I don’t think we mean to do it. When Memorial Day rolls around, as it will in a few weeks’ time, we usually say all the right things, about duty, honor and bravery. And I think we honestly mean them. I grew up in a household with deep military ties, so this was always taken very seriously in my family. But for those of us who did not serve, or even among those who did but never faced the abject terror of our lives being at risk in a combat zone, it can be difficult to even imagine.

This is one area where art can move the needle, even just a little. Cinema is among the most immersive of art forms, in that it offers not only visuals, but sounds and music and drama in order to create a visceral sense of feeling in the audience. At its best it can do what any of the arts it draws from can only reach for–it can, for a brief instant, place a viewer in the middle of a scene.

A novel can transport your mind. A photograph or a newsreel can give you a sense of color or scale. A well acted part can evoke genuine emotion and well played music can establish mood and true feeling. All brought together, and done right, they can bring an audience as close as possible to a flavor of an experience. It’s never the same thing, but it can do enough to give a movie-goer just enough of a sense of time, place and mood to make an impact.

For the first entry in this month’s series then, I’m looking at the 1993 Civil War film Gettysburg. More than 600,000 American soldiers died in that conflict (counting both sides) so it was the single most devastating event in the history of our armed forces. I don’t want to stray into the politics of it, because in many ways we never stopped fighting that war — but that’s a topic better left to other folks who have more informed opinions than I do. Instead, what I want to focus on is how this movie puts such a spotlight on the way men face death.

There are so many ways this film tackles it. Just the Pickett’s Charge sequence alone, in which we are placed right in lockstep with the men marching across a mile of open ground, right into the heart of the opposing forces, would be enough. Or the Little Round Top scenes, a seemingly outgunned, and out manned regiment mounting a bayonet charge against an onrushing enemy.

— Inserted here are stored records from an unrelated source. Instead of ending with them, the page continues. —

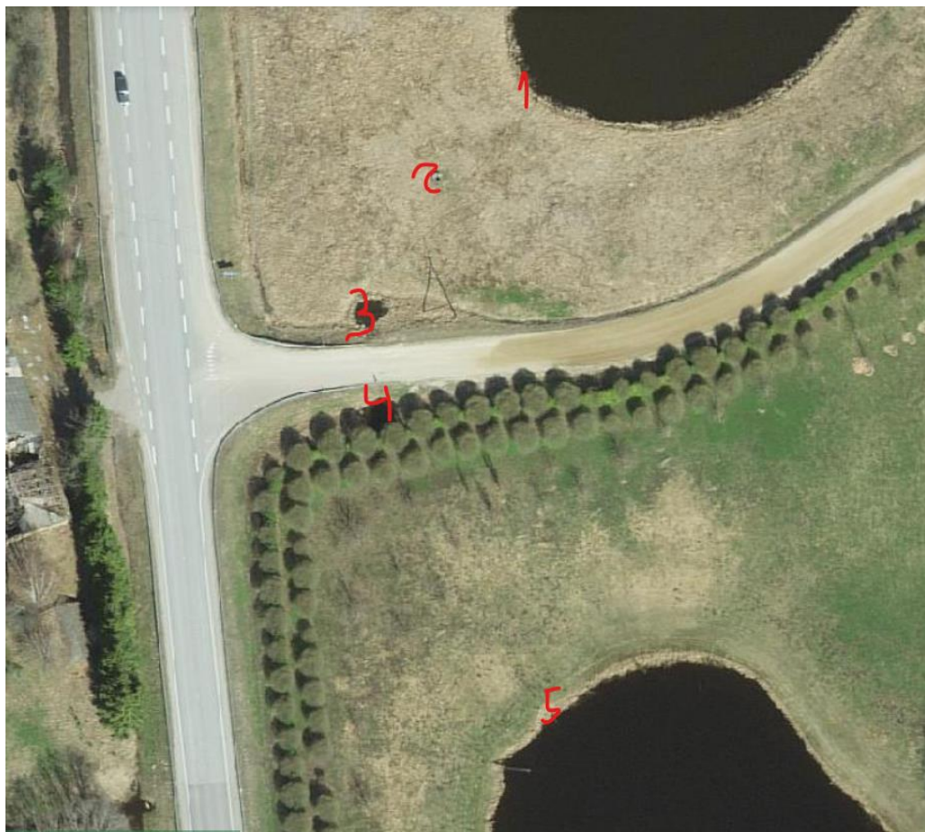
1. Järvest toimub väljavool edelasopis. Seal on suur üleni vee all olev toru:
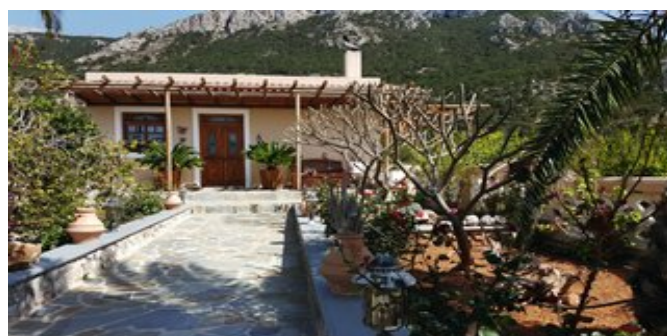
Die Reisis Family Residence
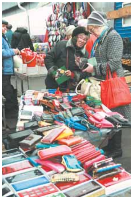
На фото: ассортимент широк, в цивилизованном бы месте...

Всего за время рейда было составлено три протокола об административном правонарушении, предусмотренном ст. 34 Закона Кемеровской области от 16 июня 2006 г. № 89-ОЗ «Об административных правонарушениях в Кемеровской области». За торговлю товарами в неустановленных местах предпринимателям придется заплатить штраф в размере от 100 до 2500 рублей. □
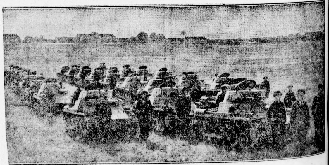
Németország legújabb hadifelszerelése.

a napokban autószerencsétlenség áldozata lett és meghalt.
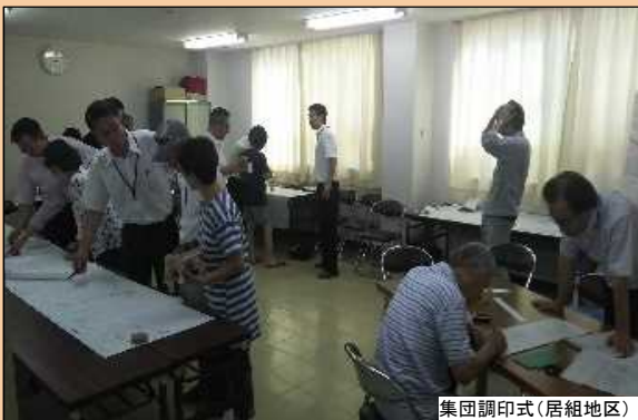
集団調印式(居組地区)

昨年度より立ち会いいただきました用地境界を確定するための集団調印式を各地区で実施しました。お忙しい中ご協力いただき、ありがとうございました。
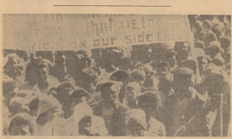
Demonstrație a locuitorilor din Windhoek pentru o Namibie independentă

NAȚIUNILE UNITE (De la trimiterea noastră). Prezentând poziția României față de „încheierea unei convenții internaționale privind înțirirea garanțiilor de securitate pentru statele nenucleare”, ambasadorul Constantin Ene a subliniat că garanția sigură a securității tuturor statelor, ca și a securității internaționale în ansamblu, constă în dezarmarea nucleară, în scoaterea armii nucleare în afara legii și eliminarea ei totală din arsenalele militare. Din aceste motive, a spus oratorului, România a susținut și susține cu toată fermitatea prioritatea dezarmării nucleare.
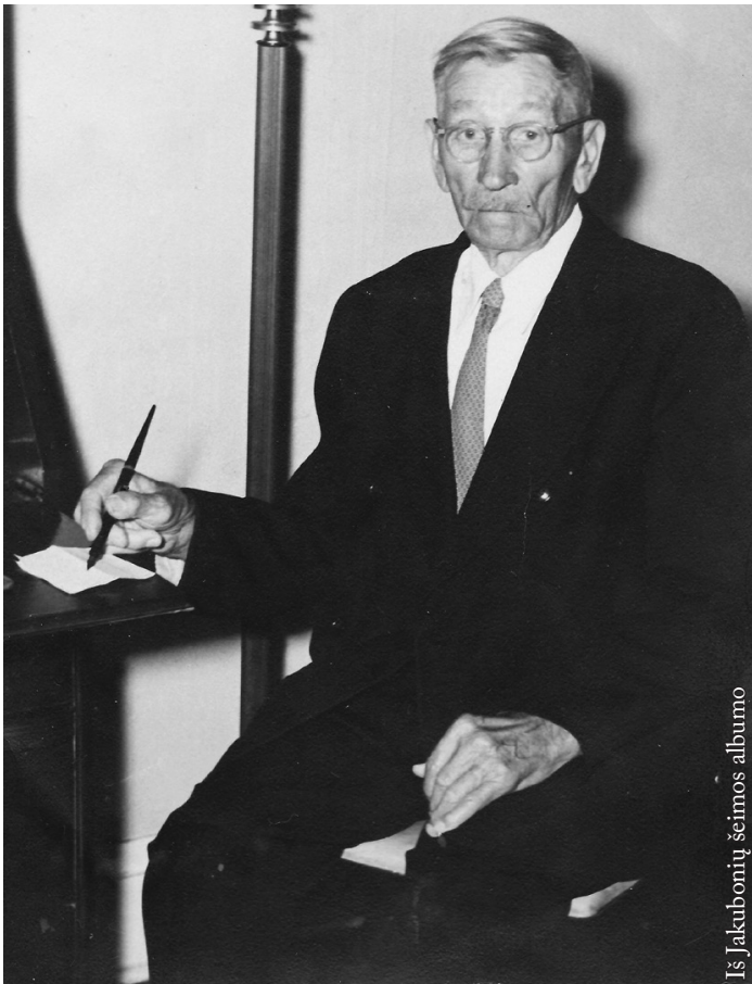
Iš Jakubonių šeimos albumo
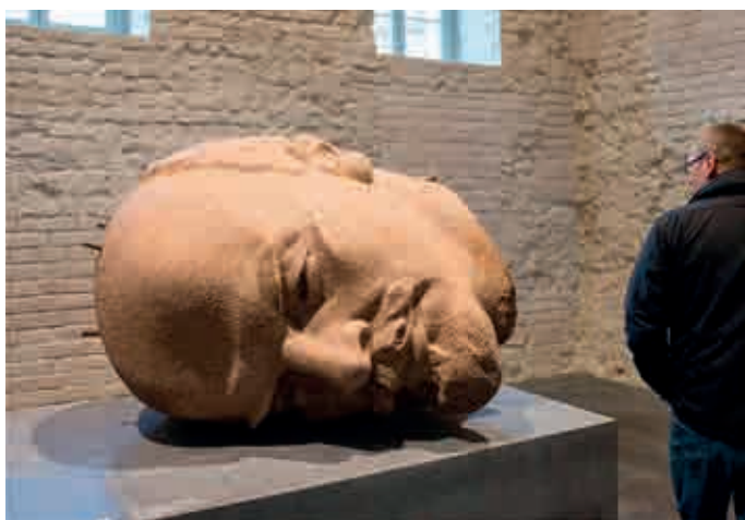
Kopf des Lenindenkmals. In der Spandauer Zitadelle Ausstellung „Enthüllt – Berlin und seine Denkmäler“ – seit 29. April 2016.

But the best depiction, I think, comes in the form of Richard Jordan’s stunning performance. He plays Lewis A. Armisted, a Confederate general ordered to march his men right into the teeth of the enemy, a move that will almost certainly doom them all. Through him, we see the way notions of duty and honor collide with the real horror of violence and death.

The actor himself knew he was dying when he filmed the role, which lends everything about his performance an added level.

For a month when we look back to honor the men who fell in battle for this nation we love, this is a terrific film to transport us to one of those battlefields, where—just for a few moments–we get the briefest hint of what that really meant.